In this talk, I'll explain how program synthesis and verification works from the angle of what they can teach us about normal programming. I'll explain how notions of code quality are really based on mathematical and mental constructs which are ethereal in programming, but concrete in theorem proving. You'll learn the process of deriving code from a specification, and why some parts of the code synthesize instantly, while others take cleverness. I'll show you how to use Hoare logic to analyze your code's complexity, how to use abstract interpretation to count the "states" of code, and how it's possible for straight-line code to contain a conditional.
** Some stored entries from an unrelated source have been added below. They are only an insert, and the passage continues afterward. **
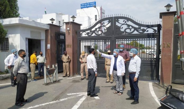 विधानसभा भवन परिसर में कार्मिकों की थर्मल स्कैनिंग से की गई स्वास्थ्य जांच
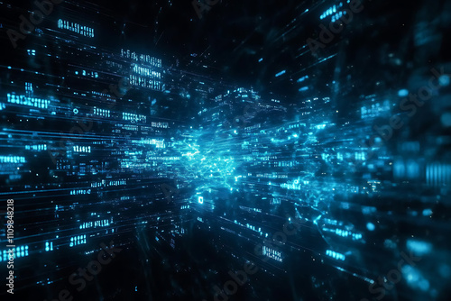 Obraz premium Blue digital binary data on a computer screen, creating a futuristic,...
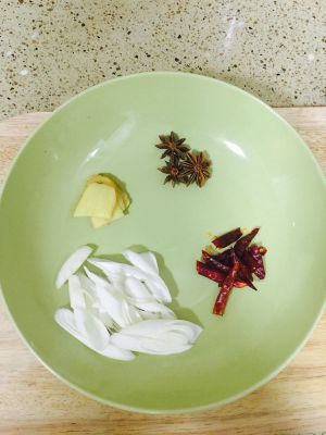 八角3粒,姜切片 ,葱切好,干辣椒切好,备料
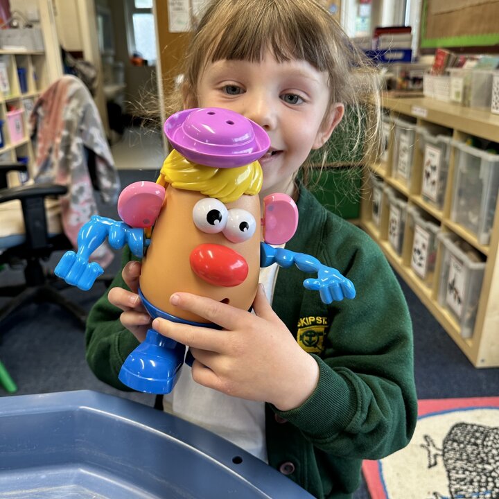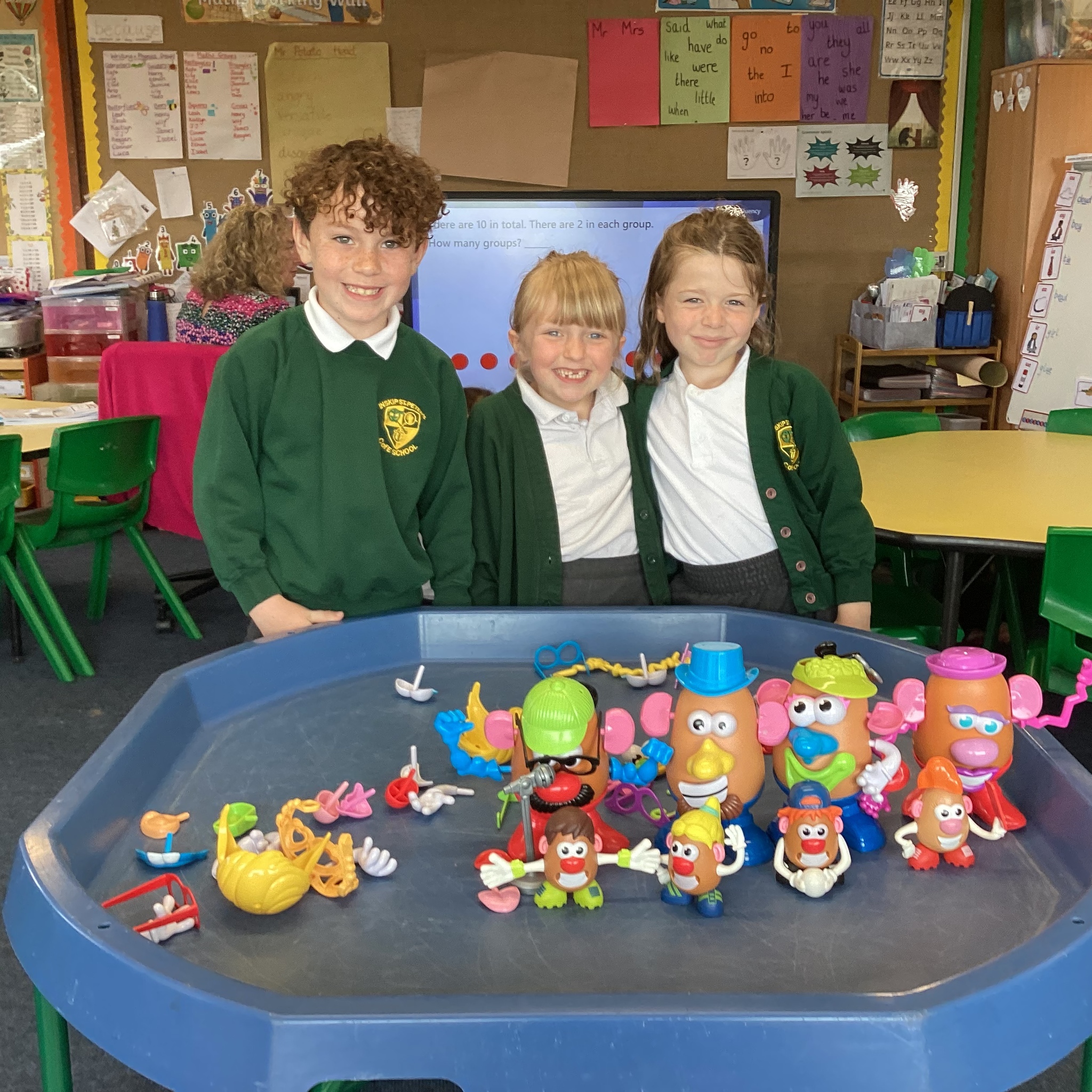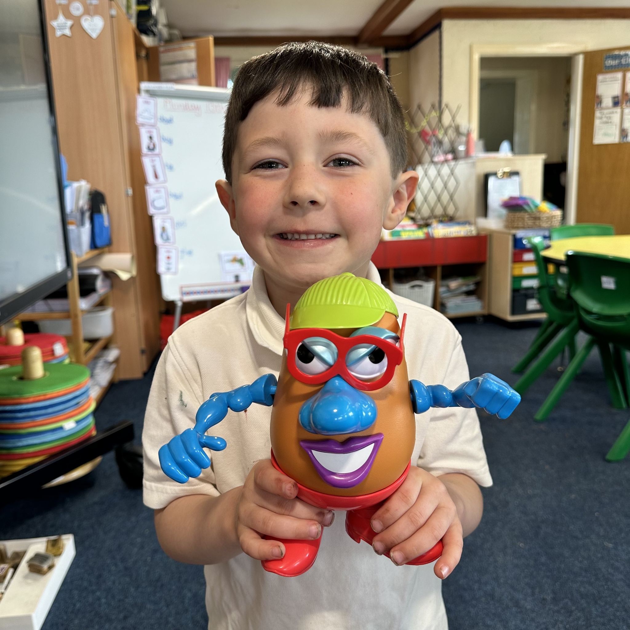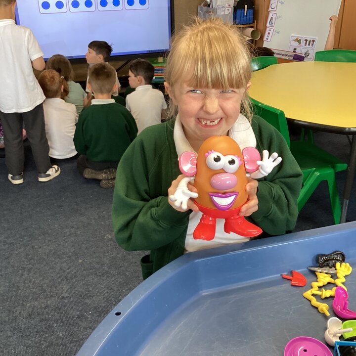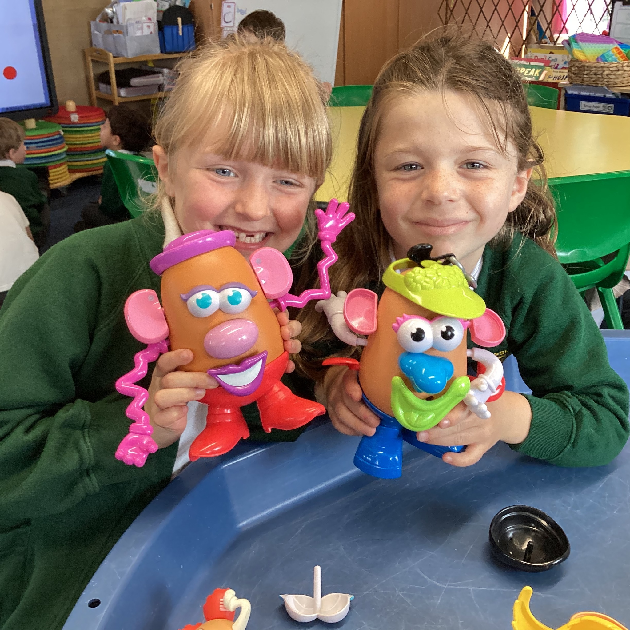 We’ve been have a lot of fun, learning whilst playing with our new Mr Potato Heads. Everyone has been creating characters, creating stories with them and having many conversations about their creations. Our Reception children have used them to learn about our senses, counted and talked about pairs and counting in twos.
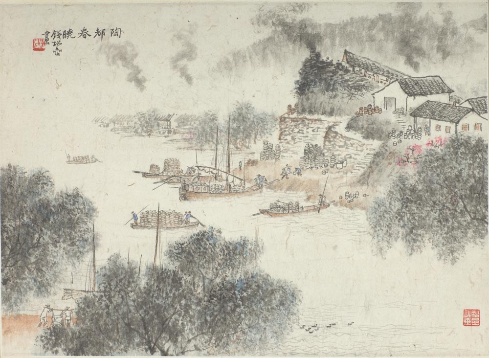 此作真实再现了宜兴家乡制陶工业的场面,画作采用近实远虚的手法,远景笔墨含蓄,树木疏散概括,隐现的几顶屋脊于浩茫烟云之间;近景笔墨丰富,勾画细密严谨,描绘码头船只装载、运输陶缸的繁忙劳作场景。
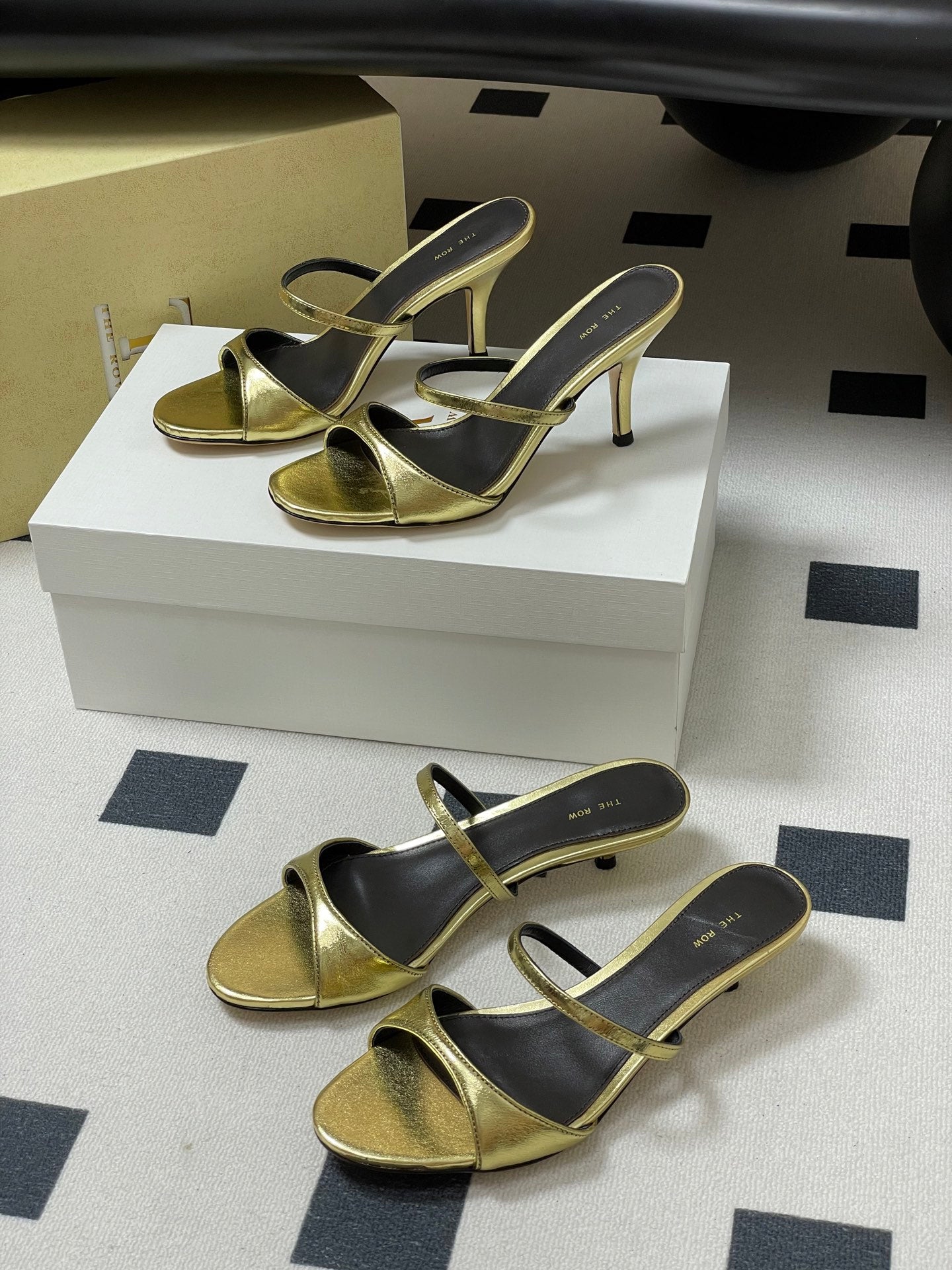 The Row 25S Strap High Heel Mule Sandals 35mm Black Mix Gold Metallic Cowhide 286218

At the end of this talk, you'll have a better idea of what makes good vs. bad code, and how bad code makes life difficult for all kinds of program synthesizers, both machine and human.

Talk Transcript

James Koppel

James Koppel

MIT

Jimmy is a serial entrepreneur and current Ph. D. candidate in the Computer-Aided Programming Group at MIT. By day, he works at MIT trying to make program transformation and synthesis tools easier to build ("programs that write programs that write programs"), and by night he teaches software engineers how to write better code. Before MIT, he was the third employee of Apptimize, and the founder of Tarski Technologies, a startup pursuing automated bug-fixing. He was named a "20 Under 20" Thiel Fellow in 2012, and is a native of St. Louis.